• _What the task requires_: Reproduce the listing that follows word for word, without its pictures.

• _Given material_:

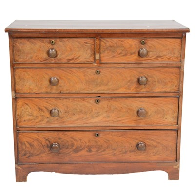 Victorian mahogany chest of drawers, two short and three long drawers with turned handles, bracket feet, width 107cm, depth 50cm, height 97cm.
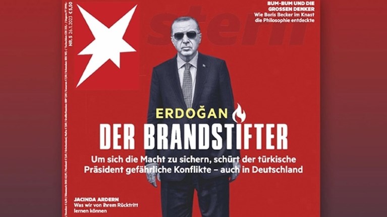 Στη στάση του Τούρκου προέδρου ενόψει των εκλογών του Μαΐου αναφέρεται σήμερα το περιοδικό Stern, το οποίο κυκλοφορεί με τον Ταγίπ Ερντογάν στο εξώφυλλο και με τίτλο "Ερντογάν, ο Εμπρηστής".
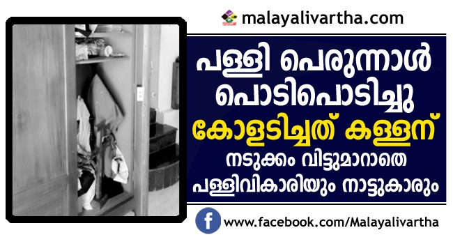 ഇന്നലെ പുലര്ച്ചെ അഞ്ചിനു പ്രധാനശുശ്രൂഷകന് പള്ളിയിലെത്തിയപ്പോഴാണു മോഷണവിവരം പുറത്തറിയുന്നത്. പള്ളി ഓഫീസിന്റെ താഴു തകര്ത്ത് അകത്തുകടന്ന മോഷ്ടാവ് ട്രസ്റ്റിയുടെ മേശയുടെ സമീപത്തുള്ള സേഫില്നിന്നു പണം കവരുകയായിരുന്നു. പെരുന്നാള് പ്രമാണിച്ച് അത്യാവശ്യ ചെലവുകള്ക്കു സൂക്ഷിച്ചിരുന്ന 85,515 രൂപയും ചാരിറ്റി ഫണ്ടായ 9,200 രൂപയും ഉള്പ്പെടെയാണു മോഷ്ടിക്കപ്പെട്ടത്. പള്ളിക്കുള്ളിലെ രണ്ടു നടപ്പെട്ടികളില്നിന്നായി 25,000 രൂപയ്ക്കു മുകളില് പണം അപഹരിച്ചതായും പള്ളി ഭാരവാഹികള് പറഞ്ഞു.

• _Result below_:
 Victorian mahogany chest of drawers, two short and three long drawers with turned handles, bracket feet, width 107cm, depth 50cm, height 97cm.
 Στη στάση του Τούρκου προέδρου ενόψει των εκλογών του Μαΐου αναφέρεται σήμερα το περιοδικό Stern, το οποίο κυκλοφορεί με τον Ταγίπ Ερντογάν στο εξώφυλλο και με τίτλο "Ερντογάν, ο Εμπρηστής".
 ഇന്നലെ പുലര്ച്ചെ അഞ്ചിനു പ്രധാനശുശ്രൂഷകന് പള്ളിയിലെത്തിയപ്പോഴാണു മോഷണവിവരം പുറത്തറിയുന്നത്. പള്ളി ഓഫീസിന്റെ താഴു തകര്ത്ത് അകത്തുകടന്ന മോഷ്ടാവ് ട്രസ്റ്റിയുടെ മേശയുടെ സമീപത്തുള്ള സേഫില്നിന്നു പണം കവരുകയായിരുന്നു. പെരുന്നാള് പ്രമാണിച്ച് അത്യാവശ്യ ചെലവുകള്ക്കു സൂക്ഷിച്ചിരുന്ന 85,515 രൂപയും ചാരിറ്റി ഫണ്ടായ 9,200 രൂപയും ഉള്പ്പെടെയാണു മോഷ്ടിക്കപ്പെട്ടത്. പള്ളിക്കുള്ളിലെ രണ്ടു നടപ്പെട്ടികളില്നിന്നായി 25,000 രൂപയ്ക്കു മുകളില് പണം അപഹരിച്ചതായും പള്ളി ഭാരവാഹികള് പറഞ്ഞു.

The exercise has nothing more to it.